• WORK INSTRUCTION:
The listing that follows must be retyped exactly, without its pictures.

• INFORMATION SHOWN:
+ + +

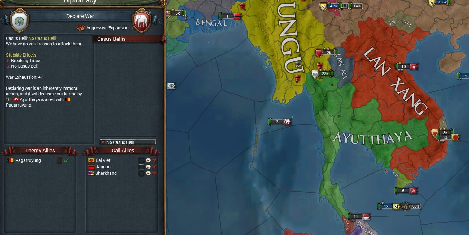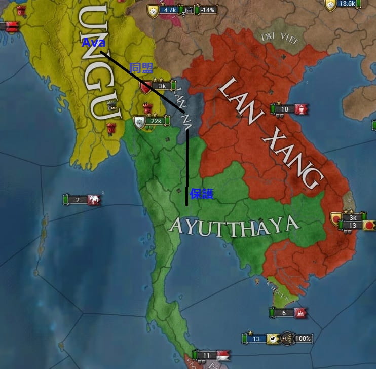 もともとの計画はAyutthataが保護しているLan Naに宣戦布告し、同盟から鞍替えし領土を奪う予定でした。
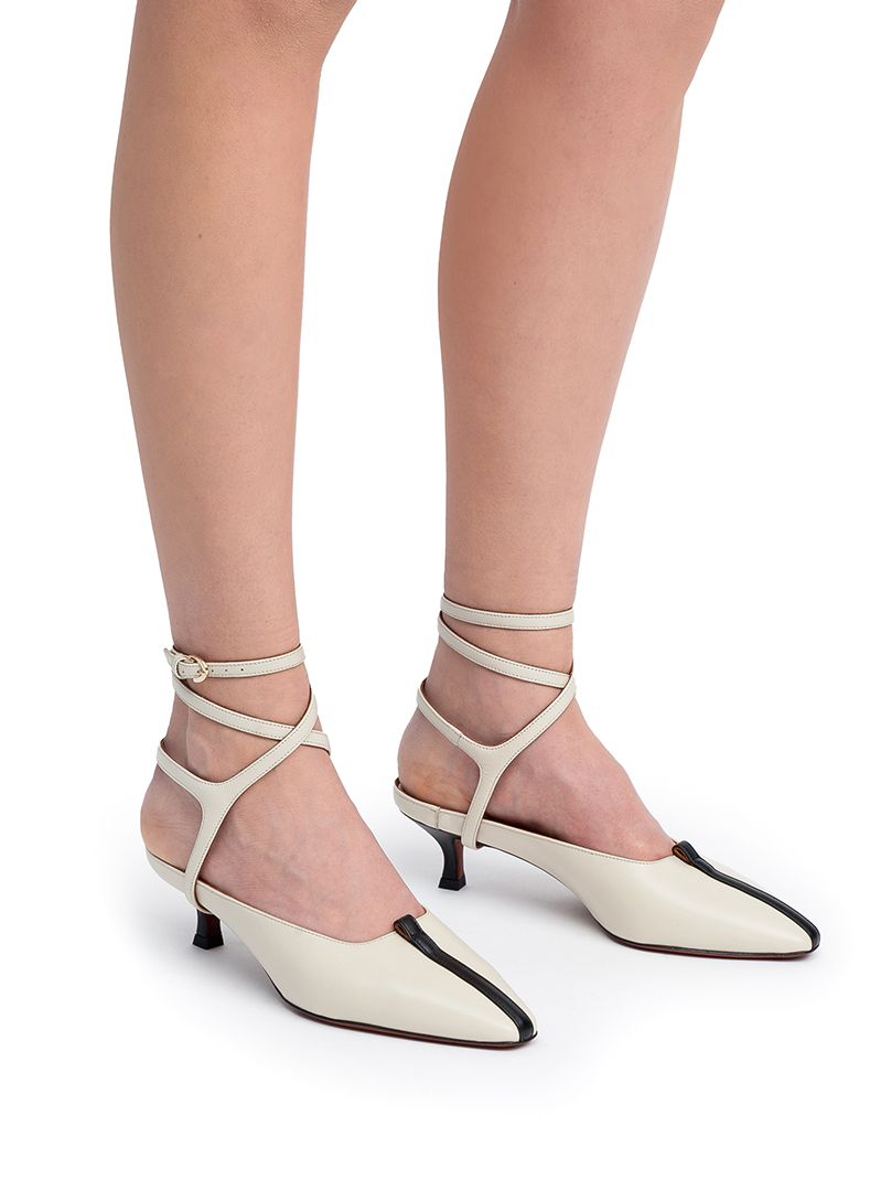 A perfect feminine option – these charming kitten mules add a delicate touch to any outfit, effortlessly elevating your look with a playful yet elegant flair. Versatile kitten-heel mules that can be styled with or without laces, allowing for a personalized look. Designed with a soft-squared toe and accented with a subtle leather strip across the front, they offer a refined yet modern aesthetic. Finished with custom-made leather-padded insoles, these mules provide exceptional comfort for all-day wear.
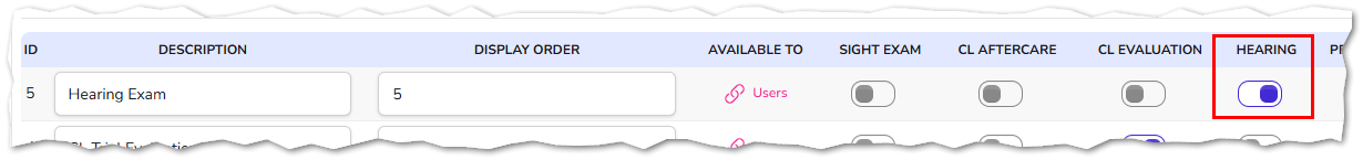 Note: After setting the hearing flag against an exam type, click the save button to trigger a rebuild of the merge-fields. |

+ + +

• YOUR RESPONSE:
 もともとの計画はAyutthataが保護しているLan Naに宣戦布告し、同盟から鞍替えし領土を奪う予定でした。
 A perfect feminine option – these charming kitten mules add a delicate touch to any outfit, effortlessly elevating your look with a playful yet elegant flair. Versatile kitten-heel mules that can be styled with or without laces, allowing for a personalized look. Designed with a soft-squared toe and accented with a subtle leather strip across the front, they offer a refined yet modern aesthetic. Finished with custom-made leather-padded insoles, these mules provide exceptional comfort for all-day wear.
 Note: After setting the hearing flag against an exam type, click the save button to trigger a rebuild of the merge-fields. |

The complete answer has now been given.